La ministre de la Transition numérique a confirmé récemment à RTL que l'existence d'un moteur de recherche permettant d'accéder à des millions de données sensibles concernant des Français a été signalée à la justice. Ce service, en libre accès, contenait des informations telles que numéros de téléphone, adresses email, et même des données médicales.
Ce site controversé a été mis en lumière grâce à une investigation de Franceinfo, qui a révélé que les données étaient récupérées lors de diverses cyberattaques sur des entreprises. Parmi elles, des attaques ayant ciblé des institutions et des sociétés privées, exposant ainsi des millions de données.
Le gouvernement en action
Le ministère du Numérique a confirmé qu'il s'agissait d'une infraction, conformément à l'article 40 du code pénal. Ce dernier stipule que toute autorité publique ou fonctionnaire ayant connaissance d'un crime ou d'un délit est tenu d'en alerter le procureur immédiatement, selon BFMTV.
Près de 1,2 milliard de données seraient accessibles sur cette plateforme, indique le rapport de Franceinfo. La Commission nationale de l'informatique et des libertés (Cnil) a aussi souligné que ces services ne respectent pas les normes légales car ils reposent sur des données obtenues illégalement.
Une version payante pour un accès continu
La version gratuite du moteur de recherche n'est désormais plus accessible, selon des témoignages de RTL. Sur son site, il est indiqué que pour continuer d'utiliser le service, les utilisateurs doivent opter pour une version payante, adhérant à un Discord où les tarifs devraient bientôt augmenter. Les dirigeants de cette plateforme affirment que toutes les informations proviennent exclusivement de sources publiques.
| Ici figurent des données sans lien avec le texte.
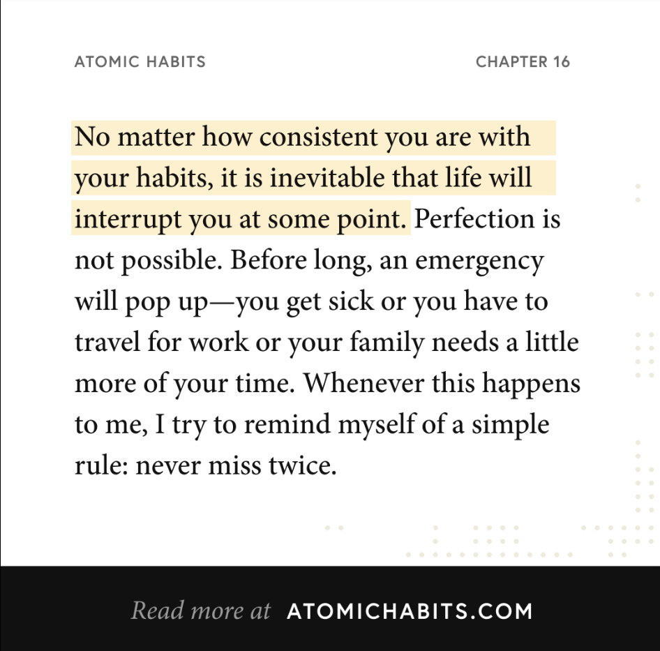 “I’ve seen variations of the ‘never miss twice’ concept seemingly everywhere. Trying to build win streaks — in my case, going to the gym, even when I don’t feel like it — can be tough; but if you avoid building losing streaks, the improvement will stack up.”

Ces outils de recherche, souvent considérés comme semi-légaux, s'appuient sur le principe de l'OSINT (Open Source Intelligence), comme l'affirme le site Projet Arcadie. Un des co-créateurs a déclaré à Franceinfo, "Nous ne réalisons pas directement d'attaques informatiques. Nous nous contentons de récupérer les données une fois qu'elles sont rendues publiques après une violation". Un onglet permet aux utilisateurs de demander la suppression de leurs informations, mais dans un délai de 29 jours.
Il est essentiel de rappeler que même si ces données sont techniquement accessibles, leur utilisation constitue un acte de recel.